New design decisions?

robert: is audio recording without recognition be supported?

are there important scenarios for supporting recording without recognition

<burn> satish, any update on markup binding?

markup binding

<satish> burn: None, Bjorn was collecting input from the chrome team and since he has gone on leave I have no contact on what the status was.

<burn> satish, can you please check? we are not waiting on the answer, but it would be nice to have the input

robert: google issue on whether there should be a button to press

<satish> burn: yes, I can take an action to get a definitive answer in the next few days.

burn: satish will take this on w/ the chrome team

discussion time

do we need to support audio recording with recognition?

burn: an advantage could be endpointing.
... is that an important criteria in this case as well?

charles: another question is how real-time is the reco response?
... a recording may result in reco later
... an identifier might later associate the recording with a reco transcription

burn: brings up question of whether we support reco on recorded audio

robert: garbage models could be used to make recording in edge cases
... "overloading" recognition
... or will recording be a more common task
... Do we think recording with endpointing is important?

milan: channel adaptation, sharing headers in same structure, parameters could be reused; sharing the same network paths -- convenient to use same

Charles: Also, the on-line vs. off-line cases

milan: would most recording be associated with an attempt to understand the text in the recording?

burn: Most significant feature is the endpointing

milan: in that case, why not just use dict model, do reco, and save the waveform as backup?
... and how common would that be. If not so common, could use a garbage model (even a "first-class" one)

burn: seems strange to call recording a weird special case of reco
... in favor of using the recording resource as described in mrcp

robert: though endpointing may be valuable, would we support a "record" object in the API? how would this go all the way to the developer?

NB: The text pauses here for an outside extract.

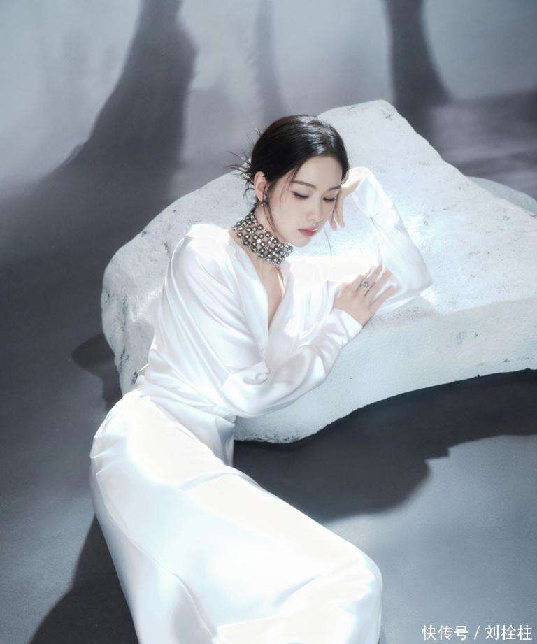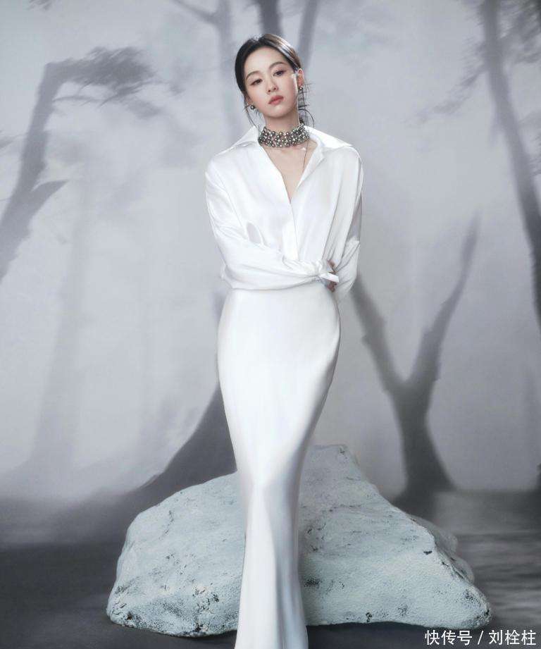 这条白裙展现了封神级的『穿搭』技巧,远远超出了一般礼服的水平。上半身采用了宽松的衬衫式设计,领口微微敞开,展现出一种随性而洒脱的感觉;而下半身则是修身剪裁,裙摆拖地优雅,走动时线条流畅如行云流水。使用的缎面材质更是锦上添花,在光影下呈现从乳白到莹白的渐变光泽,仿佛古画中的留白意境,深刻体现了东方美学的含蓄与高级感。

burn: does not seem to be in our scope

olli: there are other proposals that would handle recording

charles: channel adaptation

burn: channel normalization is not a valid reason for recording support

charles: should probably also include built-in record grammar

(milan above)

milan: use case: may want to to do dictation in parallel with c&c
... e.g., provide a c&c followed immediately by dictation

burn: but does that really belong as a built-in type in a grammar?
... sounds like there is not real consensus today vis-a-vis supporting a recording capability

robert: have not heard a compelling reason to support recording

burn: consensus not to do it now

milan: would like a standard way to do it, should the need arise

burn: we could state that we reserve this for the future

milan: there should be some consistent and portable way to do this across engines

robert: could be done as a proprietary extension

milan: at least provide a consistent hack, like builtin:record

robert: that's what the garbage model recording would be

milan: that's fine, as long as all engines support this type of garbage model

burn: to summarize, can't agree on specific recording scenarios

(robert above)

scribe: should agree on supporting garbage-recording scenario

burn: as a group, agree not to define an explicit recording capability at this time.
... can be supported using a garbage model, or capabilities defined outside this group

what are the built-ins, and what does that mean?

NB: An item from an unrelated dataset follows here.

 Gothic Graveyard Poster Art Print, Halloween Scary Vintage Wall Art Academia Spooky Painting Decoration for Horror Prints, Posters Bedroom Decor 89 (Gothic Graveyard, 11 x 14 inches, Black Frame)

milan: existing builtins: dictation, search, address, numbers

robert: already agreed there should be a certain set of predefined grammars
... so how do we refer to those?

burn: 2 things make builtins interesting: (1) parameterization; (2) no language is required

milan: markup already has certain defined types, parameters, etc, as native to HTML5. Would make sense to pay attention to that here

burn: an unconstrained text box should naturally bind to a dictation model

milan: should we remap the names of the builtins?

burn: argue strongly for using html as a starting point

robert: These should be builtins, not re-used vxml grammars

<smaug> could someone paste a link to voicexml's builtin grammars ?

charles: they've become a de facto standard; not supporting them is awkward

<Robert> these are the HTML input types: http://www.w3.org/TR/html5/the-input-element.html#attr-input-type

burn: if someone wants to support legacy builtins in a way that doesn't break existing builtins, that's not a problem

<Robert> perhaps have builtins that match these

charles: there needs to be some way to include these

(milan above)

scribe: is there something about this that can't be represented by a query string?

michael: do you want to reference, for example, an html number type, or some arbitrary number?

milan: easier to use old builtins & augment them

charles: need to look at greater good of using html vs vxml

<mbodell> Widely implemented? See http://en.wikipedia.org/wiki/URI_scheme

burn: michael, how would you reference grammars that are assoc. with html input types?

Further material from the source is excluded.